Amazon has followed Google's example by lowering the boom on a practice called “domain fronting” that organisations like Signal use to get around government censorship.
As defined by Amazon Web Services, "Domain Fronting is when a non-standard client makes a TLS/SSL connection to a certain name, but then makes a HTTPS request for an unrelated name. For example, the TLS connection may connect to 'www.example.com' but then issue a request for 'www.example.org'."
Doing so means that if an application like Signal is blocked by government edict, domain fronting makes its traffic appear to originate somewhere legitimate.

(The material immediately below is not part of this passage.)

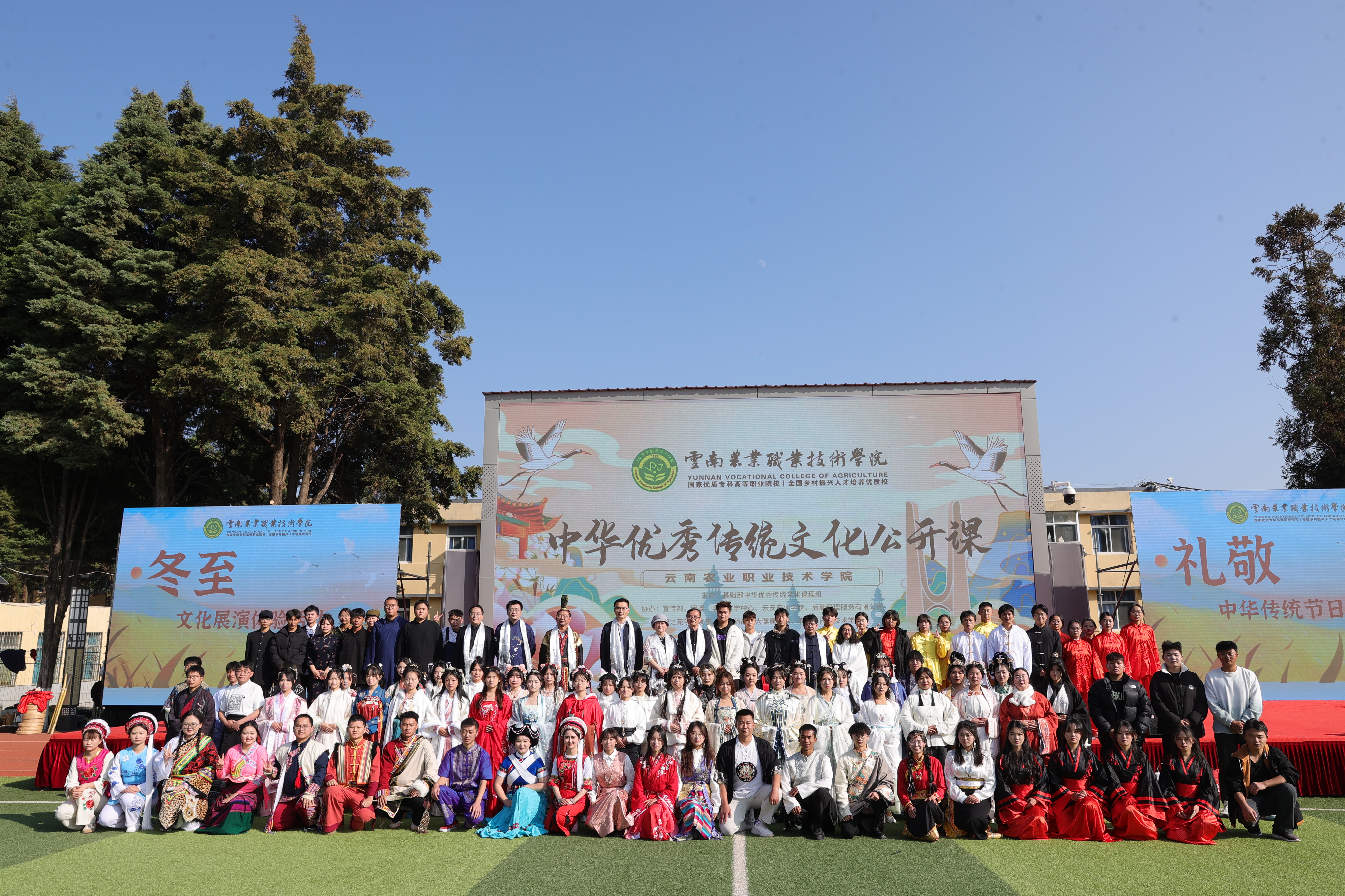 文艺展演节目以祭祖仪式、京剧表演、歌曲演唱、武术表演、舞台剧、舞蹈等不同形式次第展开。节目内容丰富、异彩纷呈,《祭祖仪式》体验3000年来中国人“仪式感”满满的冬至节;京剧表演《四郎探母》、武术表演《精忠报国》彰显出中华优秀传统文化内涵;《民族茶宴石榴红》让红色血脉和民族团结的石榴籽,交流、融合、团结、共进,赓续几千来中华民族团结奋进的共通共荣的盛宴;红色情景剧《碧血丹心耀农职》、歌曲《农职味道》和舞蹈《农耕曲》演绎出农职人爱党、爱国、爱农、爱校的独家记忆,表现农职人对土地的感恩和对生活的热爱,传承和发扬了千万年不变的农耕情怀;民俗体验中,师生们体悟到中华民族对家庭和睦、亲仁善邻等的中国传统文化的高度认同。文艺展演活动历时两小时,授课教师们声情并茂的讲授、师生们投入的演出,深受师生好评。

“The idea behind domain fronting was that to block a single site, you’d have to block the rest of the internet as well. In the end, the rest of the internet didn’t like that plan,” wrote Signal founder Moxie Marlinspike, who took the time time to explain the concept. His company has become the first high-profile target of a policy forbidding Domain Fronting that AWS announced last week.
Marlinspike also yesterday revealed Amazon's threat to kick Signal off AWS.
AWS' post said it doesn't like Domain Fronting because a domain-impersonation technique has possibly-nefarious uses and is therefore a security risk.
In the message sent to Signal, the domain in question is owned by Amazon – Souk.com, a storefront for geographies like the United Arab Emirates, Egypt, Saudi Arabia, and Kuwait.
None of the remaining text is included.